Column | Polen en Tegenpolen

Als we olympisch goud, Trump en de tegenvallende bessenoogst hebben doorgenomen, vraag ik: „Hoor jij nog weleens iets van Maria?” Mijn zuster laat haar aardappel in het water plonzen. „Die is kwaad op me. Heel vervelend.” Over haar bril kijkt ze me aan. „Ik wil het wel vertellen, maar ik hoef niet te horen hoe belachelijk en idioot ik heb gedaan. Dat weet ik nou wel.”

„Heb je weer een radio van een bouwsteiger getrokken?”

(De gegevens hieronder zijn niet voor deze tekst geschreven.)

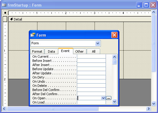 My on open event code in the form is very simple - it calls another routine named "startup".
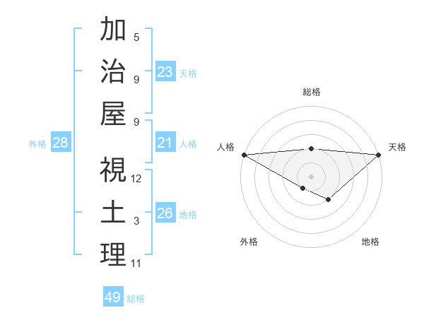 加治屋 視土理さんの天格は23画の5点!
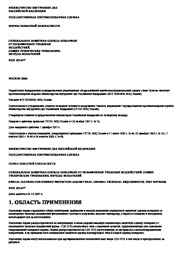 НПБ 161-97*: Специальная защитная одежда пожарных от повышенных тепловых воздействий. Общие технические требования. Методы испытаний
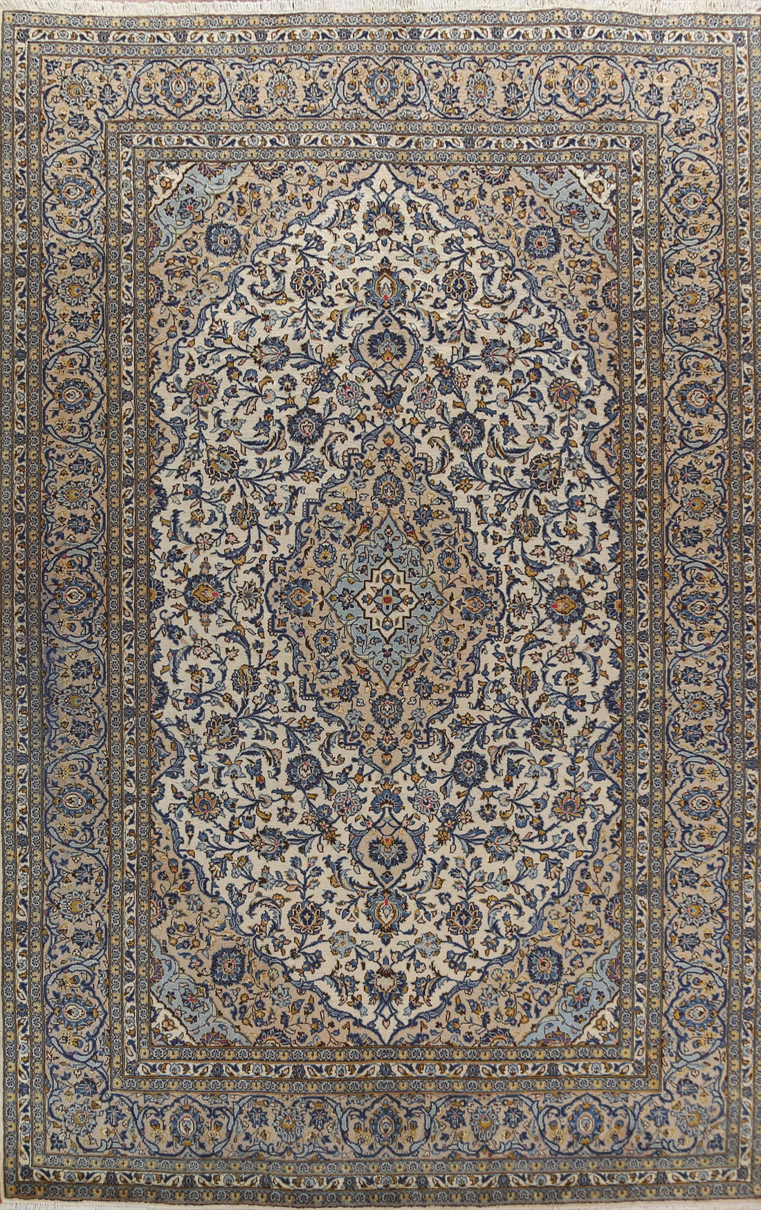 Vintage Ivory Kashan Persian Area Rug 8x12
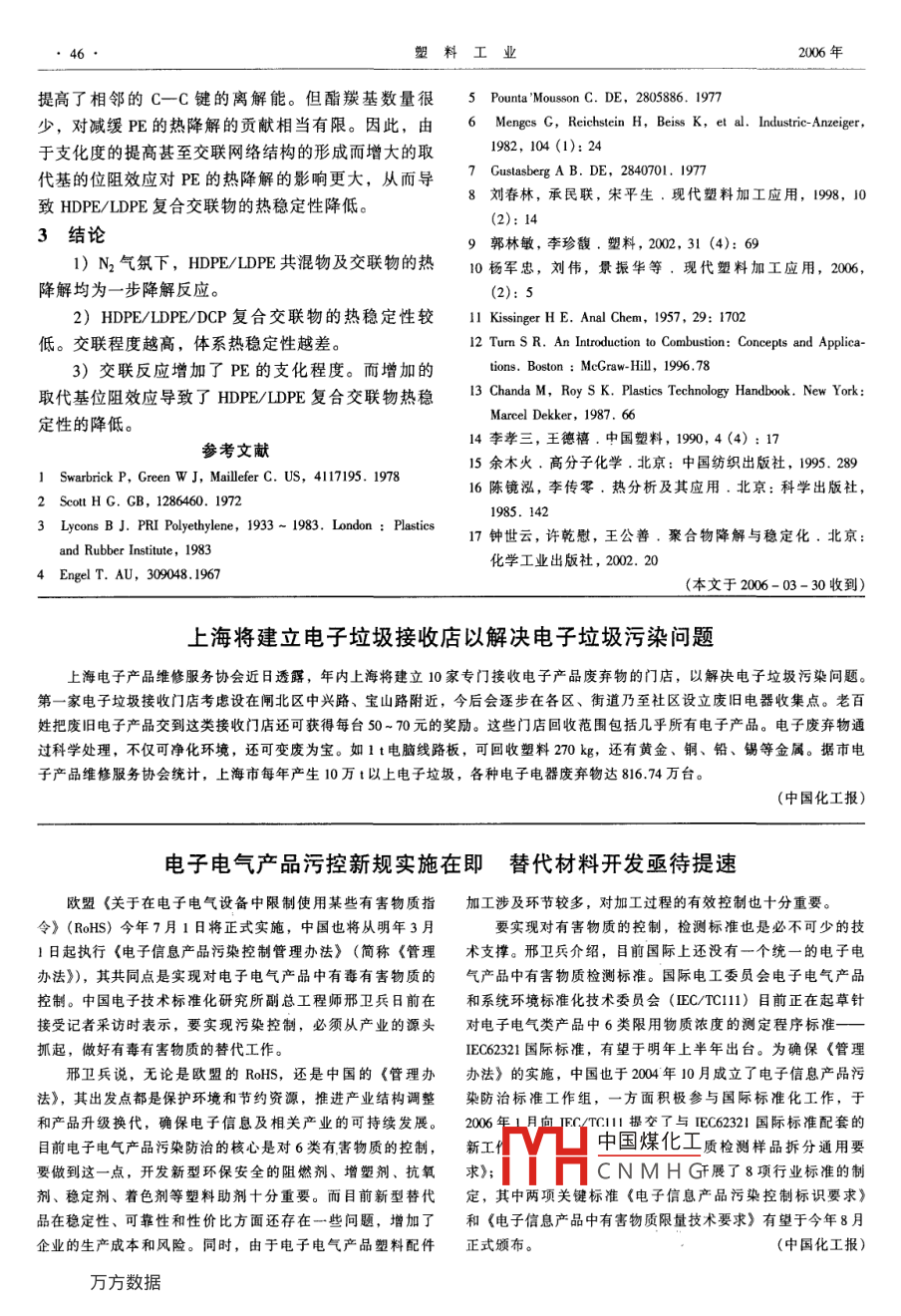 HDPE/LDPE復(fù)合交聯(lián)物的熱降解研究
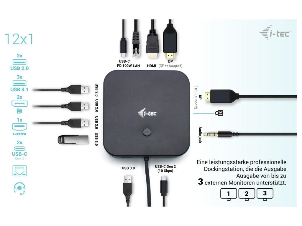 i-tec dokovací stanice/ 2x USB-C/ 2x USB 2.0/ 3x USB 3.0/ HDMI/ 2x DP/ LAN/ Power Delivery 100 W
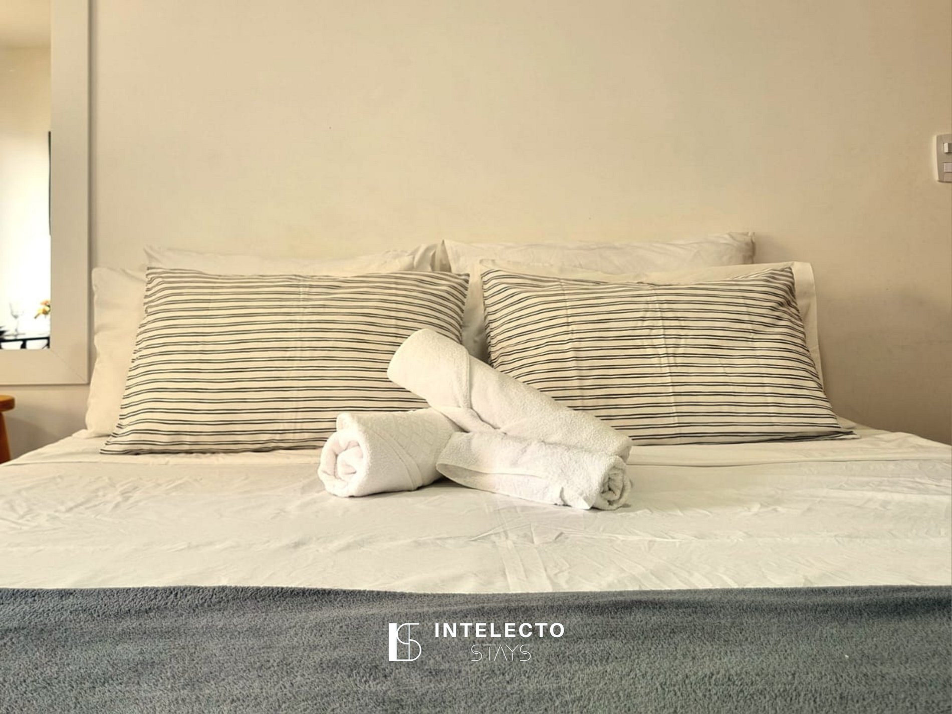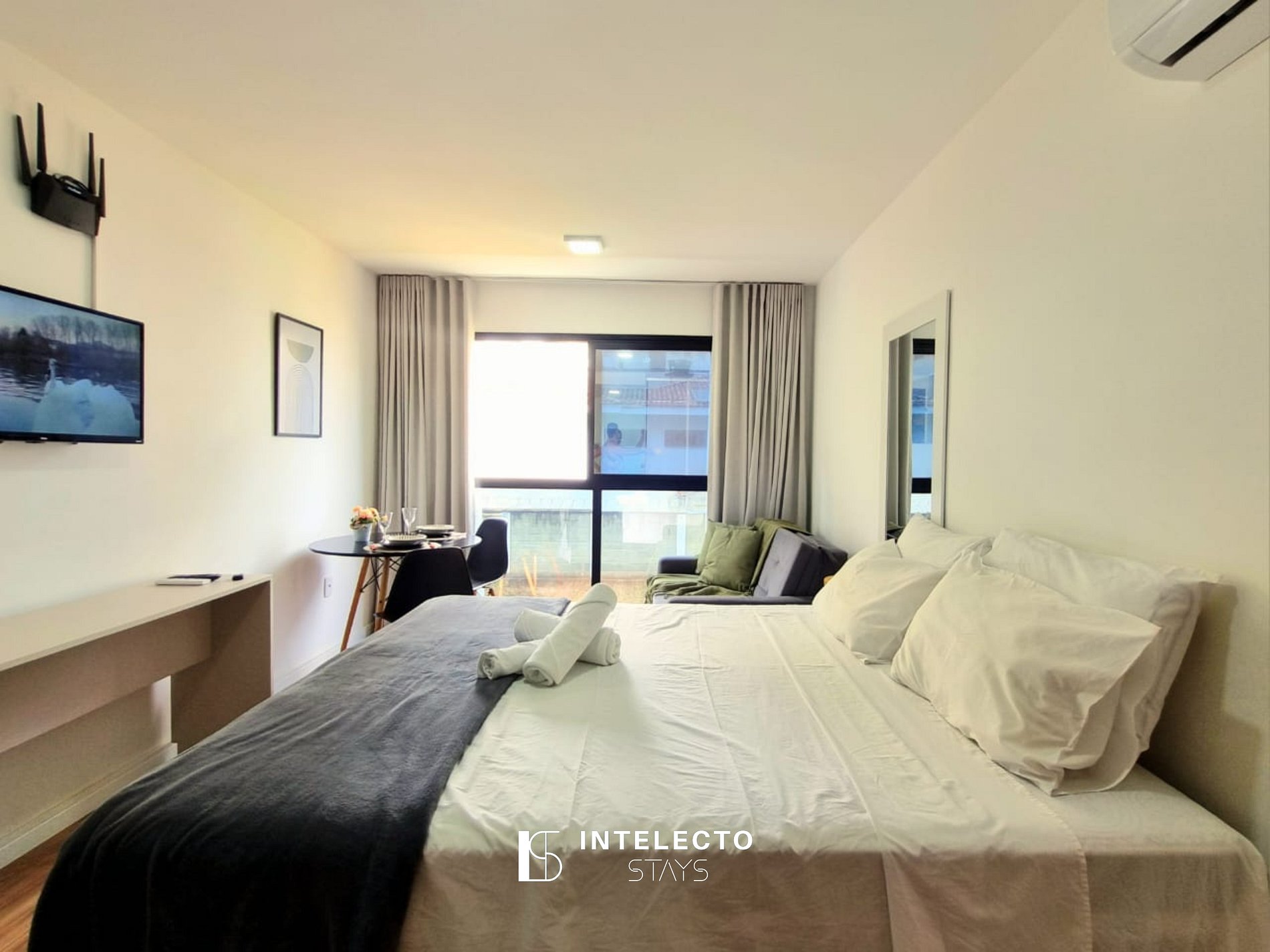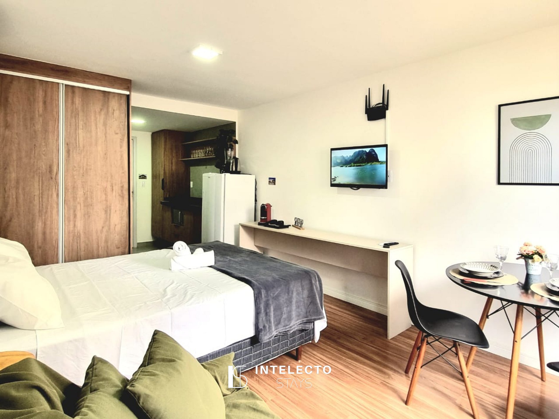 - Espaços integrados (quarto com cama queen e sala de estar com sofá-cama) com armários e guarda-roupas planejados

„Ik wilde alleen de stekker er uit trekken en toen kwam die hele radio mee! Nee, dit ging om iets anders.” Ze begint weer te schillen. „Vorige week sta ik te koken. Er wordt op het raam geklopt. Een man en een vrouw staan te gebaren.” Ze wijst met haar vinger naar haar mond. „Mensen denken wel vaker dat dit een restaurant is, omdat je de keuken in kijkt. Dus ik doe open en leg uit dat dáár de stad is. Aan de overkant. Maar ze gingen niet weg en ineens snap ik het: ze hebben honger. Nou had ik toevallig een grote pan ragout, dus ik laat ze binnen. Die man zei iets van ‘Polski’ of ‘Polska’ dus ik zing dat lied van Chopin: Zimno, o! zimno, lecz puka serce… Die mensen beginnen blij te knikken en te klappen, dus het klopte: het waren Polen. Hoe komen we hier nou op? O ja, Maria. Die is half Pools en ze woont om de hoek. Ik bel haar, ik leg de situatie uit en vraag of ze ook komt eten zodat ze een beetje kan tolken. Werd ze toch kwaad! ‘Je bent gek! Je hebt geen idee wie je hebt binnengelaten, straks snijden ze je hals af!’ Vind je dat niet raar voor iemand die zó katholiek is!”

„De hongerigen spijzigen, de dorstigen laven”, begin ik.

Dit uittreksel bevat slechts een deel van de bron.